What to look for: Bins around 12–13 inches wide and tall, with a depth up to 15 inches. Cube-style fabric bins and woven baskets are especially popular here.

TROFAST

The TROFAST system uses a frame-and-rail design where bins slide in on tracks. This means you must use IKEA's own TROFAST bins — no mix-and-match here. However, the TROFAST bins themselves come in multiple sizes and colors, giving you some flexibility.

PAX Wardrobe

PAX is a fully modular wardrobe system. Bins on PAX shelves need to fit within approximately 15–19 inches wide depending on the configuration. The depth is generous at around 22–24 inches, so taller pull-out bins work well here.

BILLY Bookcase

BILLY shelves are 28–31½ inches wide (depending on the unit) and 11 inches deep. Because of the shallow depth, look for bins under 10 inches deep to avoid overhang. Shelf height is adjustable, giving you flexibility on bin height.

ALGOT / BOAXEL

These wall-mounted systems use mesh or solid shelving panels. Bins sit on open shelves, so overhang is less of a concern — but stability matters. Bins with flat bottoms and low centers of gravity work best.


Tips for Other Popular Storage Systems

Wire Shelving (Metro, Costco, Amazon Basics)

Wire shelves have gaps that can make bins tilt or wobble. Look for bins with wide, flat bases and avoid anything with small feet.

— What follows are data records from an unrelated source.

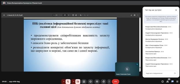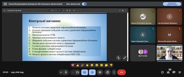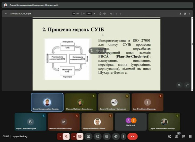 Лекція розпочалася з короткого огляду матеріалу попередньої лекції. Студенти активно долучились до обговорення – надавали відповіді в чаті. Далі було розглянуто основні питання лекції, а саме що система управління інформаційною безпекою має цілком відповідати основним принципам стандарту ISO 27001:2023 (ISO/IEC 27001:2022, IDT) «Інформаційна безпека, кібербезпека та захист конфіденційності. Системи керування інформаційною безпекою. Вимоги». Зупинились на вивченні процесної моделі СУІБ, що передбачає безперервний цикл заходів PDCA (Plan-Do-Check-Act): планування, виконання, перевірка, вплив (управління, коригування), також відомої як цикл Шухарта-Демінга.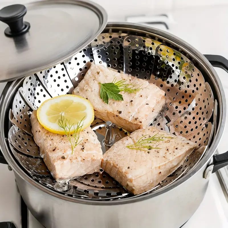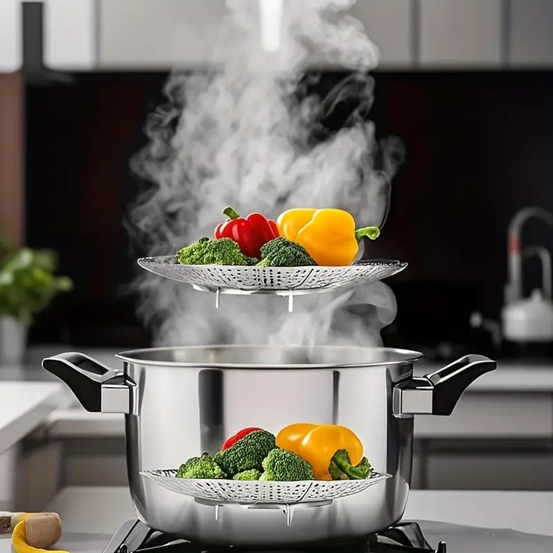 Stainless Steel Folding Steamer Basket – Multifunctional Oven, Air Fryer & Steamer Rack for Vegetables, Meat, Fruit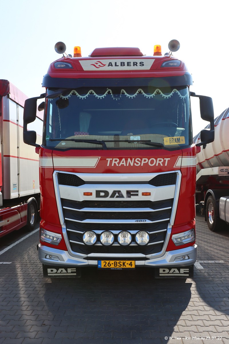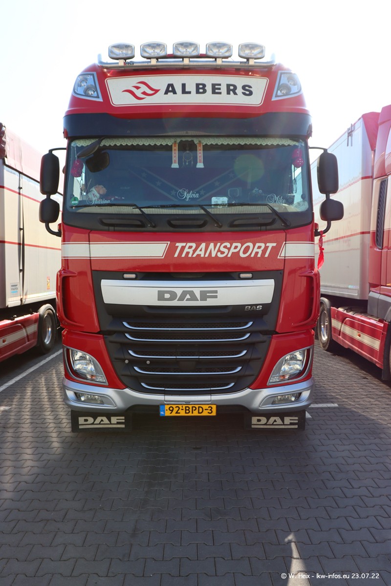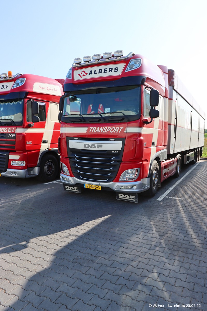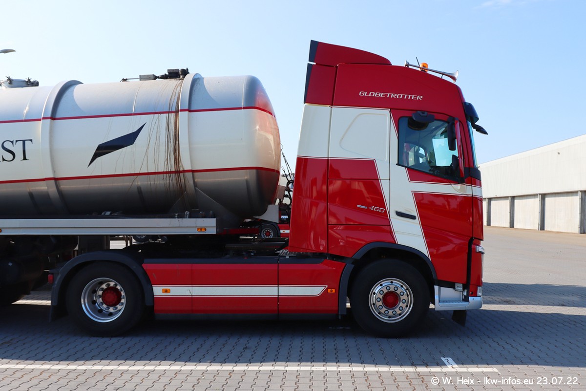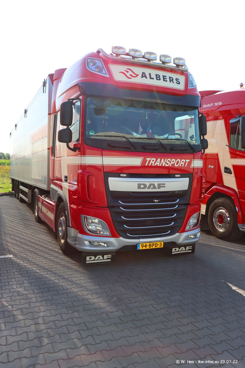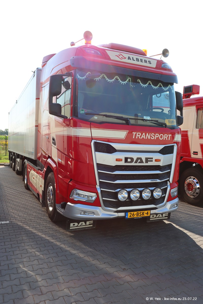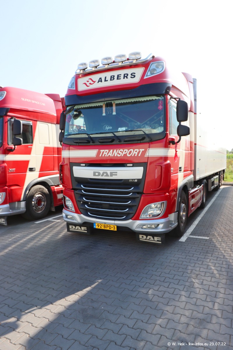 Ende 2021 ist der Fuhrpark von landhorst umgezogen nach Zeeland. Hier gibt es deutlich mehr Platz für die Fahrzeuge. Am Wochenende stehen alle LKW in einer Reihe, sortiert nach Hersteller und Alter. Ein großer Teil der LKW war zuhause. Schön, dass auch der alte VOLVO F10 samt passendem Auflieger mit auf dem Hof stand. Da die Fahrzeuge früh morgens wegen der Sonne genau falsch herum auf dem Gelände standen, war es etwas schwierig mit dem Fotografieren. Aber die Bilder sind trotzdem gut geworden.

Also factor in that the wire frame itself takes up a small amount of width.

Closet Systems (Elfa, ClosetMaid, California Closets)

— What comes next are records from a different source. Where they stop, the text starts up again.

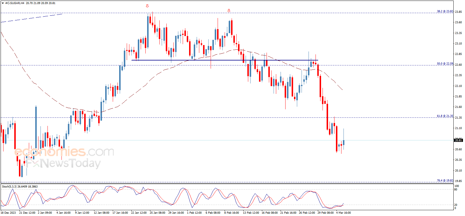 قدّم سعر السكر تداولات إيجابية مؤقتة يوم أمس ويعود للتذبذب دون حاجز 21.00، ليبقى سيناريو الاتجاه الهابط فعالاً على المدى اللحظي والقصير، يدعمه الضغط السلبي الذي يشكّله المتوسط المتحرك 50، بانتظار استهداف مستوى 19.82 بشكل رئيسي.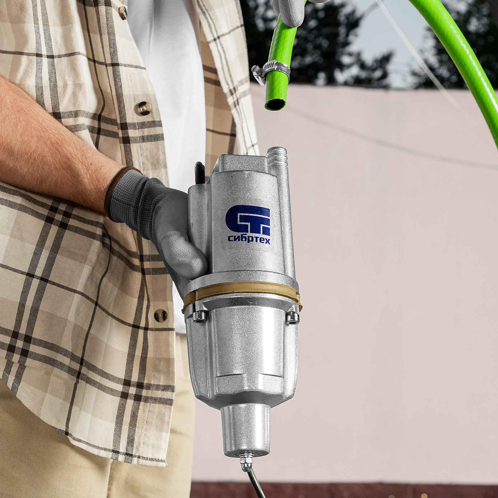 Вибрационный насос Сибртех СВН300Н-10 99305 с кабелем 10 м и нижним забором жидкости имеет мощность 300 Вт и производительность до 1200 л/ч, обеспечивает напор до 75 м и предназначен для перекачивания чистой воды из колодцев и скважин диаметром от 10 см на глубине погружения до 5 м. Также может осуществлять забор воды из водоемов, резервуаров, затопленных помещений. Его используют в системах орошения садов и огородов или для организации водоснабжения на даче.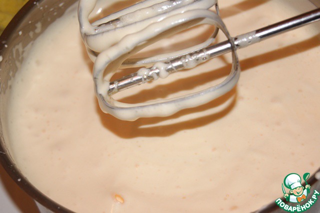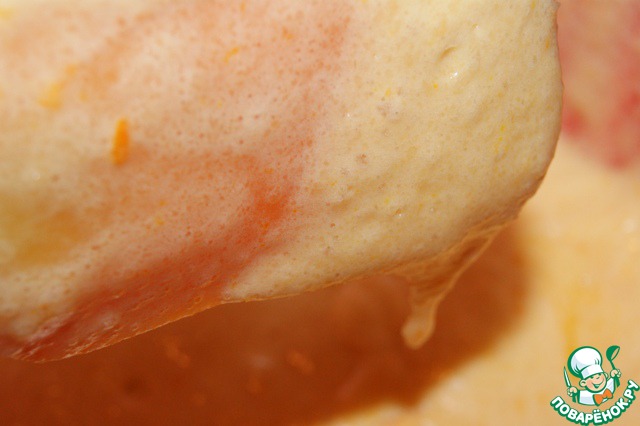 Соединить взбитые яйца с апельсиновым соком, в котором разведен желатин и сливками. Перемешать.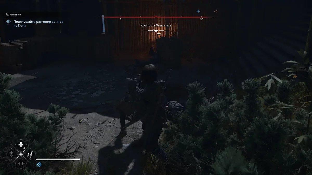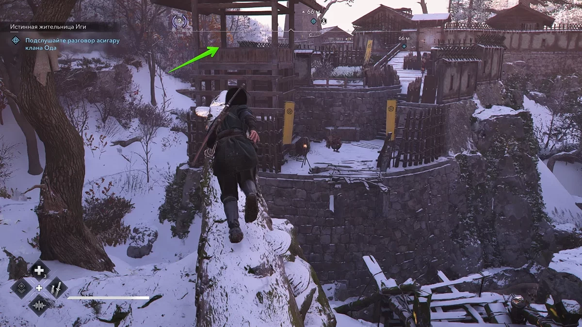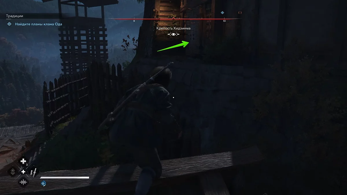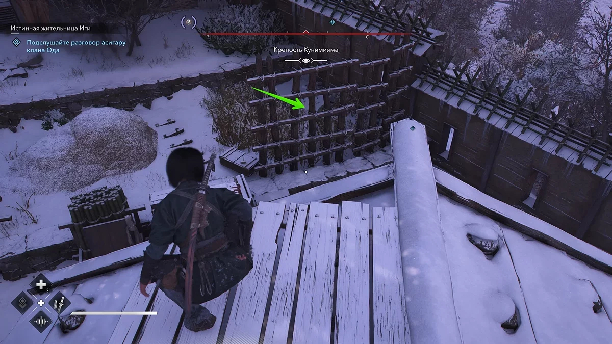 Поговоріть зі старійшиною села, щоб отримати нове доручення. Слідуйте єдиною дорогою за маркером, поки не опинитеся у задній частині фортеці. Обійдіть її з правого або з лівого боку, щоб виявити повалене дерево. Забирайтеся на нього і використовуйте гак — так ви опинитеся на вартовій вежі.

These systems often have adjustable shelf spacing, which is a huge advantage. Measure each shelf individually — they're frequently set at different heights to accommodate different items.

Cube Storage (non-IKEA, e.g., Threshold, Room Essentials)

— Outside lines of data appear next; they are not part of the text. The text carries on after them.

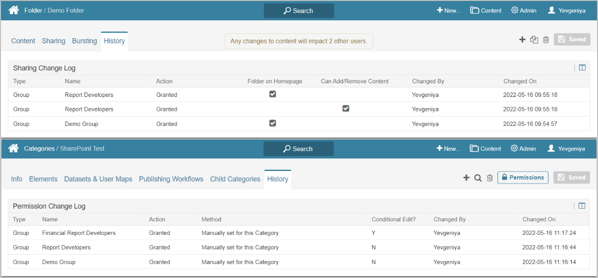 The new History tab has been added to Folder Editor. This tab lists all sharing change records, with the recent ones appearing at the top. Similarly to Folder Editor, Category Editor now includes the History tab too, logging Category assignments between Users and Groups.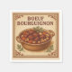 Square napkin design featuring the classic French dish Boeuf Bourguignon in a rich retro vintage style. Central illustration of tender braised beef pieces in deep red wine sauce with carrots, mushrooms, pearl onions, and herbs, served in a rustic casserole dish. Warm retro color palette: burgundy red, warm brown, cream, muted orange, sage green. Light textured aged-paper background. Subtle French bistro–inspired ornamental border. Add elegant vintage typography: “Boeuf Bourguignon”. Balanced, cozy, high-resolution composition for napkin printing.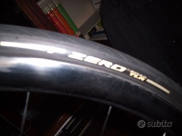 Vendo coppia ruote ENVE 2.3 complete di coperture Pirelli Pzero Road 700/28, pacco pignoni da 11 velocita' 11/34 e dischi braking da 180mm, il tutto pari al nuovo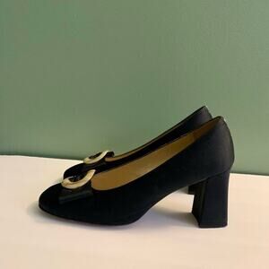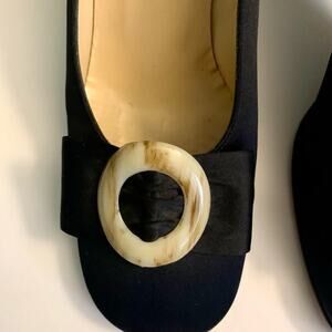 Black pumps by designer Jaime Mascaro. Satin material. Cute bow with beige tortoise embellishment. Heels height approximately 3”. Made in Spain. 7.5 USA shoe size. Vintage 80s. In excellent condition. The perfect shoe for a dressy occasion, the holidays or super cute with a white dress shirt and your favorite jeans. Elegant. Chic. Retro. Unique. Classic. Designer shoes.

Off-brand cube storage from Target, Walmart, or Amazon often looks like KALLAX but has slightly different internal dimensions — sometimes by as much as an inch. Always verify the opening size rather than assuming compatibility with KALLAX-sized bins.


How BinSizes Makes This Easier

This is where the bin-shopping process used to hit a wall: you'd find a bin you loved, pull up the product page, and realize the dimensions were listed in a confusing format — or weren't listed at all. You'd open six more tabs, cross-reference three different retailers, and still end up guessing.

BinSizes.com was built specifically to solve this problem. It aggregates storage bin listings from across major retailers and standardizes the data — consistent dimension formats, comparable specs, and a search system that lets you filter by exact dimensions rather than browsing through pages of products hoping something fits.

A few things that make it especially useful:

  • Orientation-agnostic search. You can search by length, width, and height in any order — the system figures out what fits your space regardless of how a product's dimensions were originally listed.
  • Volume-based filtering. If you care more about capacity than exact dimensions, you can filter by volume instead.
  • Functional tags. Filter by features like stackability, lid compatibility, or open-top design to find bins that actually work for how you live.

If you've ever measured your KALLAX shelf and then spent 45 minutes failing to find a bin that fits, BinSizes is the tool you didn't know existed.


A Simple Workflow for Getting It Right

  1. Measure your shelf openings — width, depth, and height, with clearance in mind.
  2. Decide on bin type — open top, lidded, fabric, plastic, wicker?
  3. Search by dimension using a tool like BinSizes to find options that actually fit.
  4. Compare outer vs. inner dimensions on your shortlist.
  5. Check for handle or lip overhang in product photos before ordering.
  6. Order one first if buying multiples — confirm the fit before committing to a full set.

Final Thoughts

Fitting bins into shelves should be simple math. The problem is that the information needed to do that math is scattered, inconsistently formatted, and often incomplete. A little preparation — careful measuring, understanding the quirks of your specific storage unit, and using smarter search tools — can save you hours of frustration and a pile of return shipping labels.

Whether you're outfitting a KALLAX wall or overhauling a walk-in closet, the right bin is out there. You just need the right way to find it.